## Work instructions
For this exercise, reproduce each entry below exactly, excluding pictures.

## Dataset
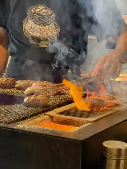 The popular burger burger from Tokyo can finally be eaten in Shenzhen, with Australian M9 Wagyu freshly minced, charcoal freshly grilled Wagyu burger 😋 The meat is rich and tender, every bite is overflowing with happiness.
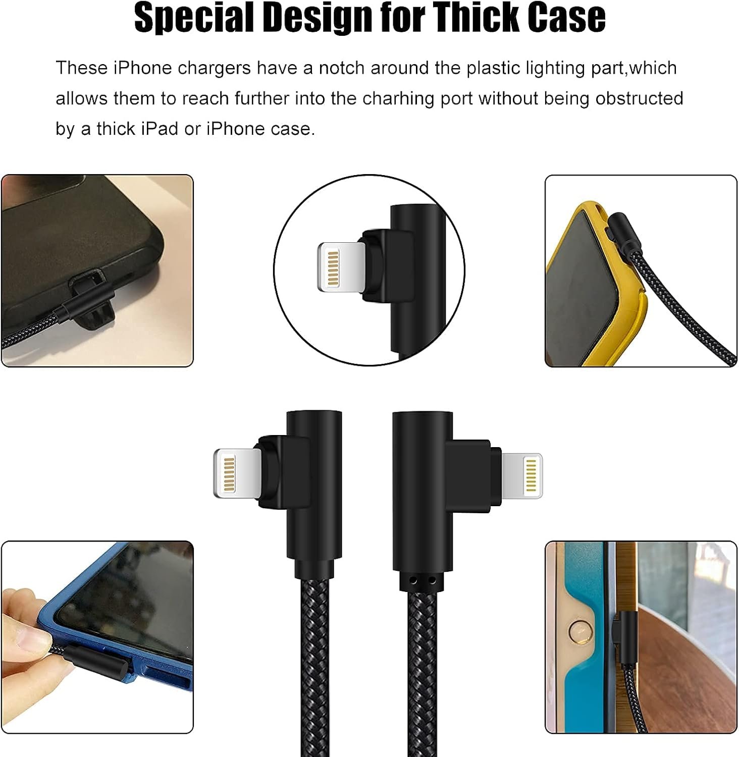90 Degree Design:More convenient and more comfortable for playing games,watching videos or reading e-books.Reinforced Stress Point:With a 10000+ bend lifespans make iphone cord more durable.
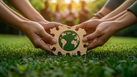 A group of people working together to assemble a puzzle that symbolizes the reduction of CO2 emissions, indicating a collaborative effort towards environmental sustainability.
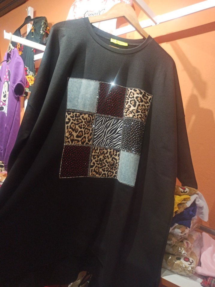 Siyah uzun kollu, salaş kesim kadın sweet. Ön tarafında payetli, hayvan desenli ve dokulu patch detayları bulunan desenli tasarım. Uzun boy ve tekstil kumaş kullanılmış. boy uzunluk 80.cm 48 bedene kadar cok rahatlıkla olur oversize
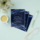 A modern, stylish and glamourous invitation for a Quinceañera, 15th birthday party. Navy blue and rose gold agate, marble stone background. The name is written with a modern hand lettered style script. Personalise and add your party details.
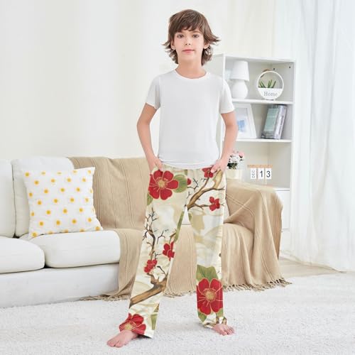 Plum Tree Print Boys Long Pants Soft Trousers Elastic Waist Kids Lounge Bottoms with Pockets S-XL 4
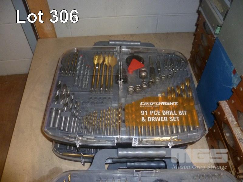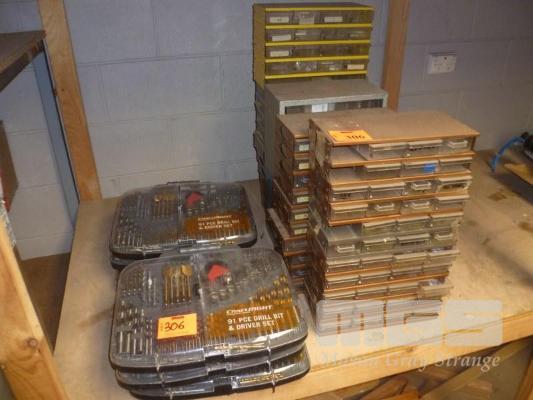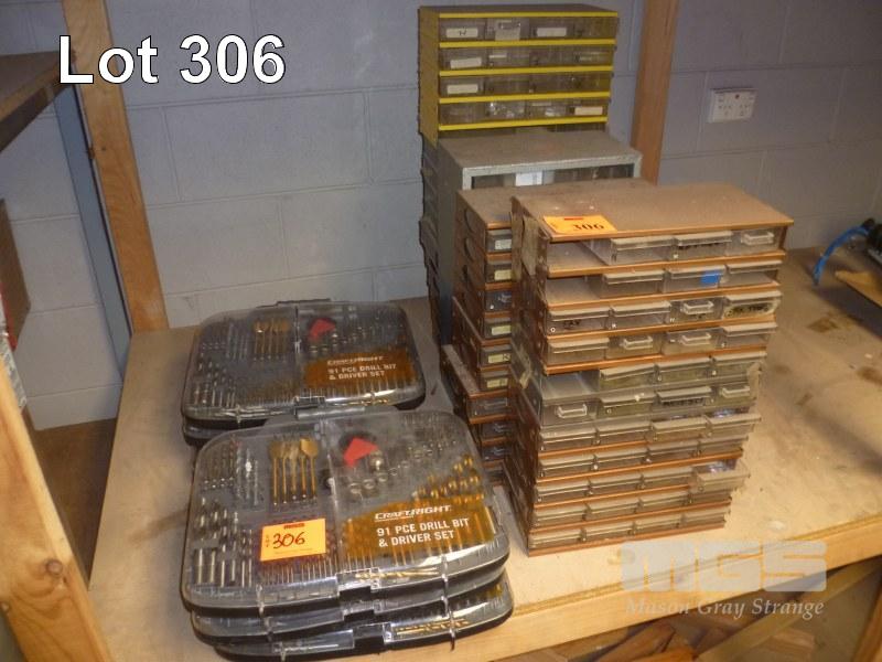 6 x DRILL & BITS SETS, STEEL & TIMBER & 8 x MULTI DRAWER PARTS BINS
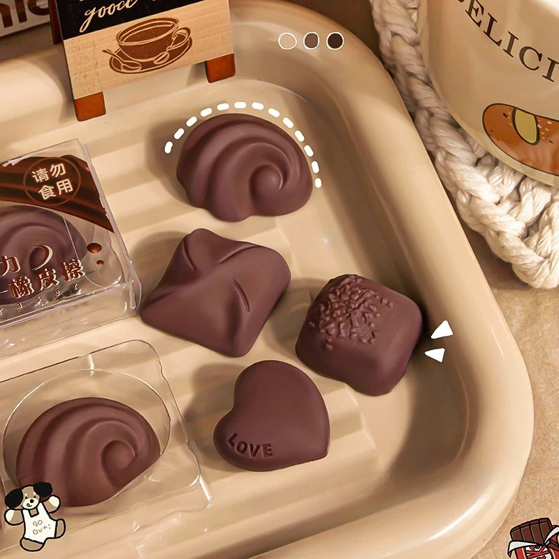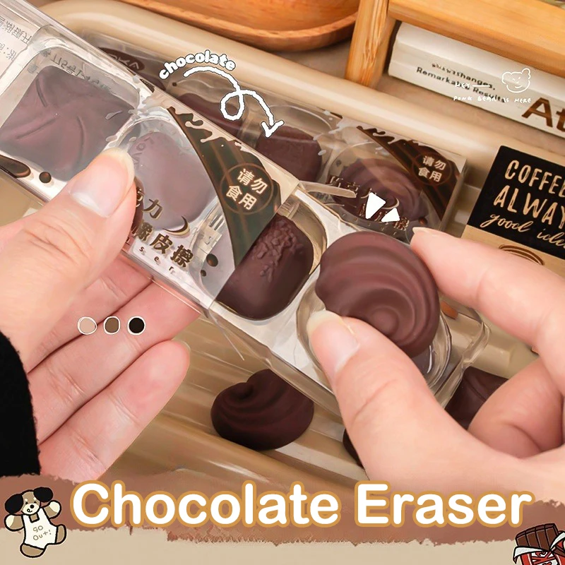 مجموعة مكونة من 4 محايات شوكولاتة مبتكرة، وعناصر قرطاسية كاواي، ومستلزمات مثالية للطلاب والمكتب، وفكرة هدية رائعة

## Solved exercise
 The popular burger burger from Tokyo can finally be eaten in Shenzhen, with Australian M9 Wagyu freshly minced, charcoal freshly grilled Wagyu burger 😋 The meat is rich and tender, every bite is overflowing with happiness.
90 Degree Design:More convenient and more comfortable for playing games,watching videos or reading e-books.Reinforced Stress Point:With a 10000+ bend lifespans make iphone cord more durable.
 A group of people working together to assemble a puzzle that symbolizes the reduction of CO2 emissions, indicating a collaborative effort towards environmental sustainability.
 Siyah uzun kollu, salaş kesim kadın sweet. Ön tarafında payetli, hayvan desenli ve dokulu patch detayları bulunan desenli tasarım. Uzun boy ve tekstil kumaş kullanılmış. boy uzunluk 80.cm 48 bedene kadar cok rahatlıkla olur oversize
 A modern, stylish and glamourous invitation for a Quinceañera, 15th birthday party. Navy blue and rose gold agate, marble stone background. The name is written with a modern hand lettered style script. Personalise and add your party details.
 Plum Tree Print Boys Long Pants Soft Trousers Elastic Waist Kids Lounge Bottoms with Pockets S-XL 4
 6 x DRILL & BITS SETS, STEEL & TIMBER & 8 x MULTI DRAWER PARTS BINS
 مجموعة مكونة من 4 محايات شوكولاتة مبتكرة، وعناصر قرطاسية كاواي، ومستلزمات مثالية للطلاب والمكتب، وفكرة هدية رائعة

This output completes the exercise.